El problema se agrava por los
altos índices de impunidad que se tienen en nuestro país, problema que
también destacó el funcionario de la ONU. Sin embargo, para el
secretario Andrade las cosas marchan muy bien, al extremo de que en la
reunión del G20 que se llevará a cabo en Gran Bretaña el año 2016, el
gobierno de Peña Nieto, dijo, “llegará con importantes avances” en el
establecimiento del sistema nacional anticorrupción.
Es obvio que el cinismo es
parte fundamental en el avance del flagelo, como ha quedado demostrado
en los últimos treinta años, comportamiento que se magnificó en el
actual sexenio. Ni que decir tiene que la corrupción y la impunidad, se
mantendrán al alza en lo que resta de la presente administración
federal. Los regaños provenientes del extranjero son mero formalismo,
porque a final de cuentas los principales beneficiarios del flagelo son
las grandes corporaciones trasnacionales: tienen abiertas las puertas de
la corrupción que les permite un usufructo barato de los principales
recursos naturales de México.
No es coincidencia que en el
estado de México haya una “política sistemática” de despojo del
territorio, agua, bosques y recursos naturales, en el marco de una
violación impune de los derechos humanos y colectivos de poblaciones
pobres y marginadas, como denunció el Centro de Derechos Humanos
Zeferino Ladrillero.
En conferencia de prensa se
denunció que incluso con violencia extrema se han impuesto
“megaproyectos” y desarrollos inmobiliarios en los que “siempre resultan
beneficiados los consorcios empresariales y las grandes corporaciones”.
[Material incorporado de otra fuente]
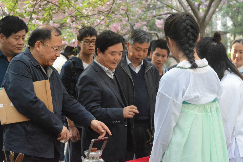 在文化路校区三号楼后樱花小道举办以“樱韵茶迁”为主题的茶文化展示活动。校党委副书记、工会主席褚金海,学工部部长李书民、校团委书记马菲及澳门银河娱乐城
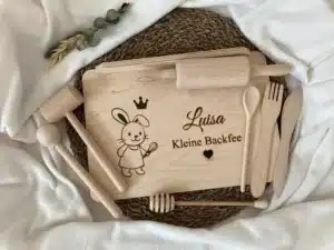 Ein personalisierbares Kinderbackset enthält alles was du für einen Backnachmittag mit deinem Kind brauchst. Kleine Backfans werden Mama mit ihren ersten eigenen Backwerkzeugen sicher gerne in der Küche helfen.
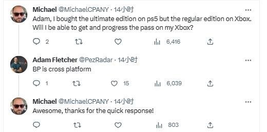 用戶MichaelCPANY提問:“Adam,我在PS5上買了終極版,Xbox上買了普通版,我能在Xbox上獲得并升級通行證么?”對此Adma回應稱:“戰斗通行證是跨平臺的。”
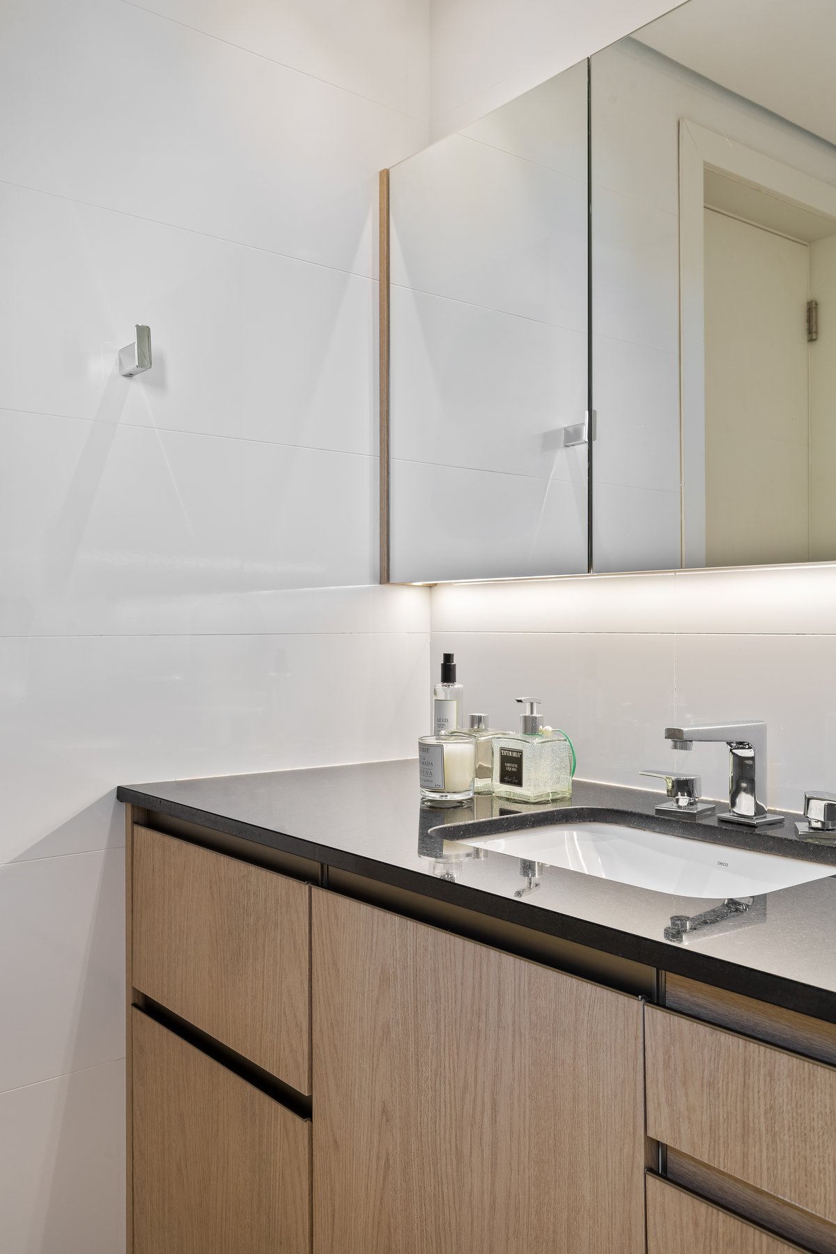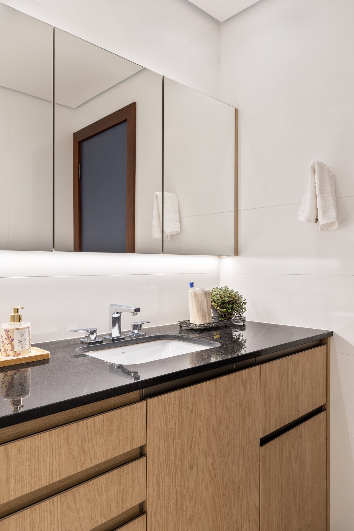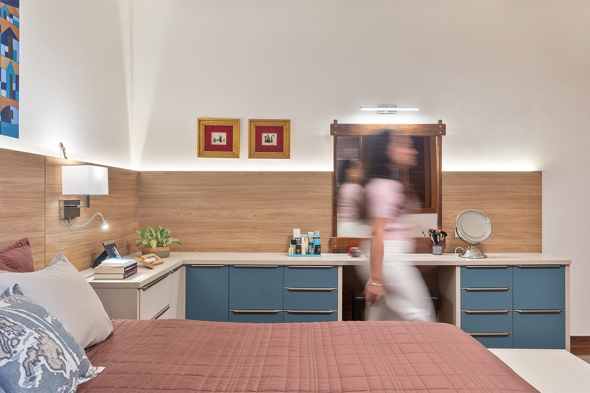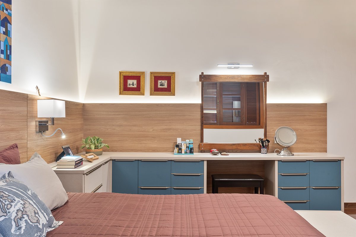 O ambiente ganhou uma cama com baú na ponta — prática para armazenar roupas de cama e servir de assento —, penteadeira e ampla área de armazenamento. O closet, acessado por uma porta mimetizada, é generoso em espaço e leva ao banheiro, totalmente reformado. O destaque fica para as duas cubas esculpidas e o painel exclusivo de azulejos personalizados na cor azul, que imprime sofisticação e identidade ao espaço.
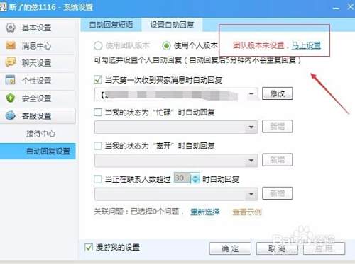 在个人版的设置中,可以选择客户第一条消息的问候语,忙碌、离开的自动回复和接待客户超过多少人的自动回复;
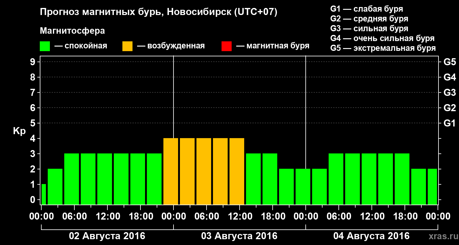 Прогноз магнитных бурь в Новосибирске — 2 августа 2016 года
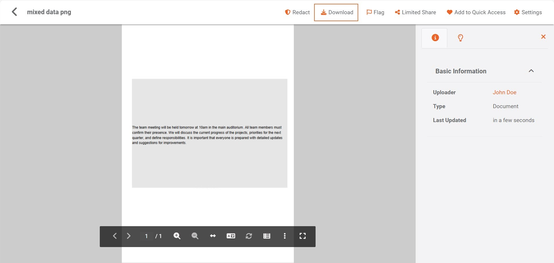 In the document or image viewer, select the Download icon.
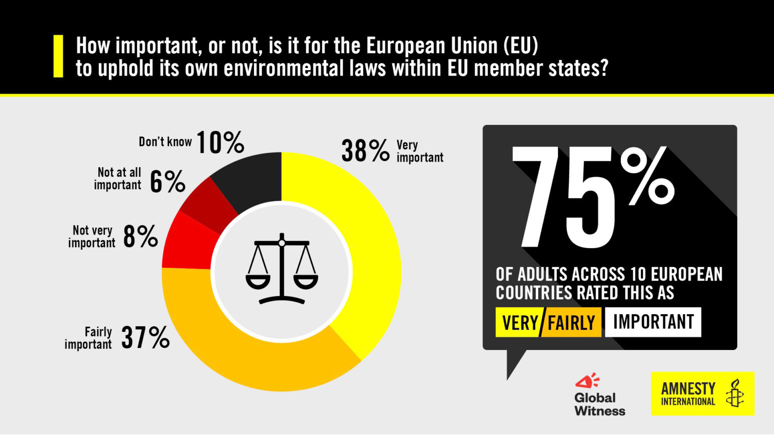 Uluslararası Af Örgütü ve Global Witness ortaklığıyla Ipsos’a yaptırılan, 10 bin 861 kişinin katıldığı ankete göre, 10 Avrupa ülkesinde insanların çoğunluğu (%75), AB’nin kendi çevre yasalarını uygulamaya koymasının önemli olduğunu düşünüyor. Yanıt verenlerin yaklaşık dörtte üçü, büyük şirketlerin küresel değer zincirleri genelindeki insan hakları zararları (%75) ve çevresel zararlardan (%77) sorumlu tutulması gerektiğini ifade ediyor.
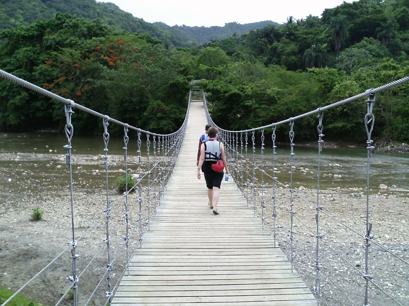 To get back to the waterfalls, you take a 50-peso guagua (minibus) ride through the green countryside to Las Cascadas, the 27 Charcos.
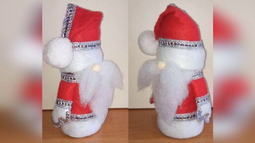 Дед мороз в подарок с конфетами из баночки и новогодней шапки, легко и просто сделать.
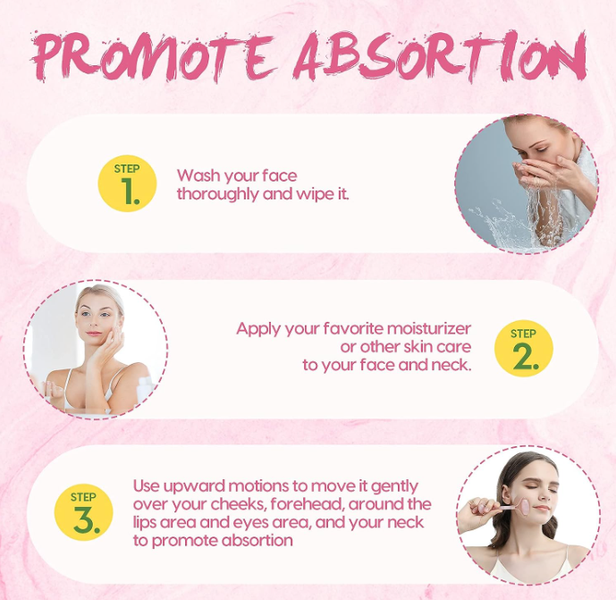 GUA SHA: Scraping and wiping the relevant parts of the skin to dredge the meridians, promote blood circulation, reduce facial edema, shrink facial pores, remove the oil and dirt attached to the pores.
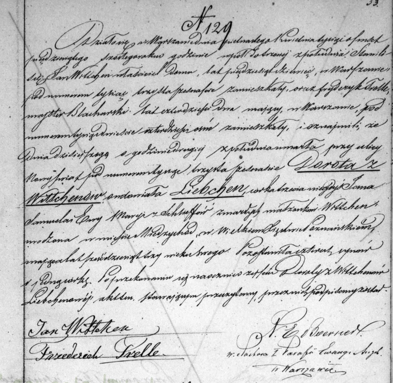 | sw.499625 | m | Jan | Samuel | | | | Wittchen | | | | | Akt małżeństwa: Warszawa ASC Cyrkuł III (obecn. m. Warszawa), 32/1812 [indeks na http://geneteka.genealodzy.pl/] http://metryki.genealodzy.pl/metryka.php?ar=1&zs=0185d&sy=104&kt=2&skan=032.jpg [podgląd] |
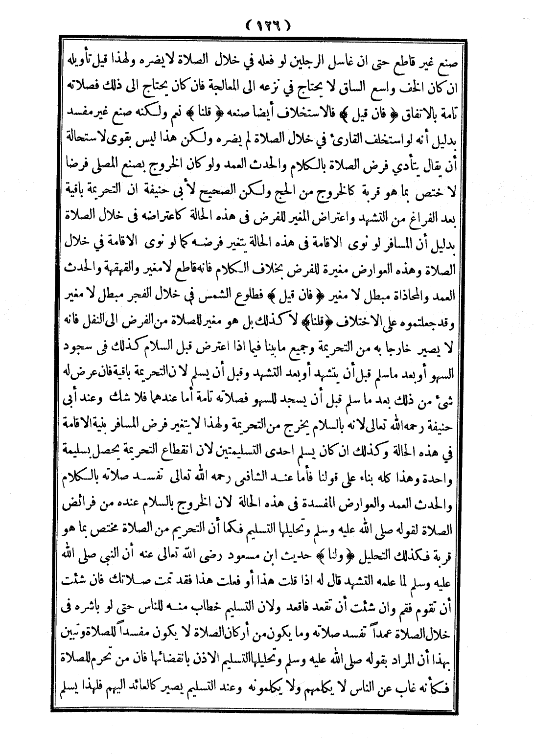 صُنْعٌ غَيْرُ قَاطِعٍ حَتَّى أَنَّ غَاسِلَ الرِّجْلَيْنِ لَوْ فَعَلَهُ فِي خِلَالِ الصَّلَاةِ لَا يَضُرُّهُ وَلِهَذَا قِيلَ تَأْوِيلُهُ إنْ كَانَ الْخُفَّ وَاسِعَ السَّاقِ لَا يَحْتَاجُ فِي نَزْعِهِ إلَى الْمُعَالَجَةِ فَإِنْ كَانَ يَحْتَاجُ إلَى ذَلِكَ فَصَلَاتُهُ تَامَّةٌ بِالِاتِّفَاقِ (فَإِنْ قِيلَ) فَالِاسْتِخْلَافُ أَيْضًا صُنْعُهُ (قُلْنَا) نَعَمْ وَلَكِنَّهُ صُنْعٌ غَيْرُ مُفْسِدٍ بِدَلِيلِ أَنَّهُ لَوْ اسْتَخْلَفَ الْقَارِئُ فِي خِلَالِ الصَّلَاةِ لَمْ يَضُرَّهُ وَلَكِنَّ هَذَا لَيْسَ بِقَوِيٍّ لِاسْتِحَالَةِ أَنْ يُقَالَ يَتَأَدَّى فَرْضُ الصَّلَاةِ بِالْكَلَامِ وَالْحَدَثِ الْعَمْدِ وَلَوْ كَانَ الْخُرُوجُ بِصُنْعِ الْمُصَلِّي فَرْضًا لَاخْتَصَّ بِمَا هُوَ قُرْبَةٌ كَالْخُرُوجِ مِنْ الْحَجِّ وَلَكِنَّ الصَّحِيحَ لِأَبِي حَنِيفَةَ أَنَّ التَّحْرِيمَةَ بَاقِيَةٌ بَعْدَ الْفَرَاغِ مِنْ التَّشَهُّدِ، وَاعْتِرَاضُ الْمُغَيِّرِ لِلْفَرْضِ فِي هَذِهِ الْحَالَةِ كَاعْتِرَاضِهِ فِي خِلَالِ الصَّلَاةِ بِدَلِيلِ أَنَّ الْمُسَافِرَ لَوْ نَوَى الْإِقَامَةَ فِي هَذِهِ الْحَالَةِ يَتَغَيَّرُ فَرْضُهُ كَمَا لَوْ نَوَى الْإِقَامَةَ فِي خِلَالِ الصَّلَاةِ وَهَذِهِ الْعَوَارِضُ مُغَيِّرَةٌ لِلْفَرْضِ بِخِلَافِ الْكَلَامِ فَإِنَّهُ قَاطِعٌ لَا مُغَيِّرٌ وَالْقَهْقَهَةُ وَالْحَدَثُ الْعَمْدُ وَالْمُحَاذَاةُ مُبْطِلٌ لَا مُغَيِّرٌ (فَإِنْ قِيلَ) فَطُلُوعُ الشَّمْسِ فِي خِلَالِ الْفَجْرِ مُبْطِلٌ لَا مُغَيِّرٌ وَقَدْ جَعَلْتُمُوهُ عَلَى الِاخْتِلَافِ.

Es cierto que tal práctica viene de sexenios atrás, como lo demuestra
el famoso caso de los comuneros de San Salvador Atenco, a quienes en el
desgobierno de Vicente Fox se quiso despojar de sus tierras para
construir el nuevo aeropuerto de la ciudad de México. Se volvió práctica
sistemática en la “administración” del entonces gobernador Peña Nieto.
Tal política pública es
consustancial al modelo neoliberal, que aquí en nuestro país encontró un
campo muy fértil. De ahí que mientras subsista será imposible poner fin
a la corrupción y a la impunidad. Lo que hacen organismos como la
oficina de la ONU contra la droga y el delito es llamar la atención a
los gobiernos que se pasan de la raya. Así como la DEA no trabaja para
combatir el narcotráfico sino para “ordenar” el mercado y evitar un
colapso irreparable, que condujera al caos en detrimento de los millones
de adictos en el mundo, del mismo modo el máximo organismo mundial
vigila que las naciones sigan las normas que marcan las principales
potencias globales.
Por eso es impensable, en el
actual estado de cosas en el mundo, que las naciones dependientes y
menos desarrolladas superen condiciones propias del subdesarrollo. Pudo
haberse dado un paso adelante después de la Segunda Guerra Mundial, pero
no se dio de manera global por el reparto que hicieron las potencias
vencedoras, Estados Unidos y la entonces Unión Soviética. A los
latinoamericanos nos tocó formar parte del marco geopolítico
estadounidense, con las terribles consecuencias que hemos sufrido desde
los inicios del siglo veinte, cuando la nación vecina enseñó su rostro
imperialista.
Las famosas reformas estructurales,
sobre todo la energética y la laboral, obedecen al móvil de facilitar
prácticas corruptas entre las altas esferas de la burocracia y los altos
mandos de las corporaciones empresariales. Allí es donde se da la gran
corrupción, la que más daña al país y de la que los medios electrónicos
jamás se ocupan. Esto no cambiará hasta que el régimen neoliberal sea
derrotado.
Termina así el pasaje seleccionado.